Rangga hanya bisa meredam emosinya, dengan keingian Ibunya yang begitu kuat. Yang memintanya untuk segera melepaskan status dudanya, padahal istrinya baru saja di kebumikan siang tadi. Sang Ayah yang sedari tadi menjadi penonton setia, hanya bisa mengelus dadanya melihat perdebatan istri, dan anaknya yang tak berkesudahan.
" Cukup!" dengan raut wajah penuh akan marah. "Terus! kamu akan begini terus? Menduda sepanjang hidupnmu, dan meratapi nasibmu yang di tinggalkan, Rani! dan tinggal menunggu waktu, kapan kamu akan menyusul dia." Dila menatap murka, pada putra tunggalnya.
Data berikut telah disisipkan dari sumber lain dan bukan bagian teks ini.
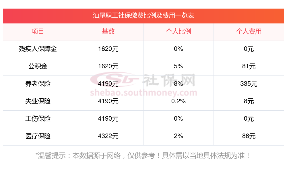 汕尾社会保险一个月要多少钱?下面和社保网一起来看看2024-2025年汕尾最低标准社保费用明细参考,新社通app-社保缴费查询工具提供的最新数据如下:

"Aku baru saja kehilangan wanita yang aku cintai, dan dia baru saja di makamkan. Selama ini hanya ada satu wanita dalam hidupku yaitu, Rani! jadi yang benar saja, Mama meminta aku segera untuk mencari penggantinya."
"Tapi Mama ingin kamu memberikan kami cucu, Rangga! dan selama ini, Mama sudah sangat bersabar. Kami sudah tua, dan sebelum meninggal, kami ingin melihat cucu kami. Dan tentu saja itu darimu, karena hanya kau satu-satunya anak kami."
"Beri aku waktu, dan aku mohon jangan paksa aku." pinta Rangga, dengan nada memelas.
"Mama akan mencarikan wanita untukmu. Kalau kamu sulit, mendapatkannya."
"Ap?! mencarikan aku Wanita! ingat Maa! aku sama sekali tidak akan menyetujui ide gila Mama itu"
"Tidak ada penawaran, Rangga! karena Mama tidak harus meminta persetujuan kamu."
Ifan menghembuskan napas panjangnya, dengan beranjak dari duduknya, menghampiri pada putranya Rangga, yang hanya diam dengan wajah kesalnya.
"Benar apa yang dikatakan Ibumu, Rangga! dan apakah kamu tidak punya keinginan untuk mempunyai anak? kamu adalah anak kami satu-satunya, dan juga kamu seorang pengusaha sukses. Mau di kemanakan harta-hartamu, dan juga perusahaanmu, kalau bukan anakmu yang melanjutkannya."
"Tapi, Pa! Rangga baru saja kehilangan Rani, dan Rangga sangat mencitainya." guratan wajahnya terisi penuh dengan kesedihan, meratap cinta sejatinya yang telah pergi selamanya.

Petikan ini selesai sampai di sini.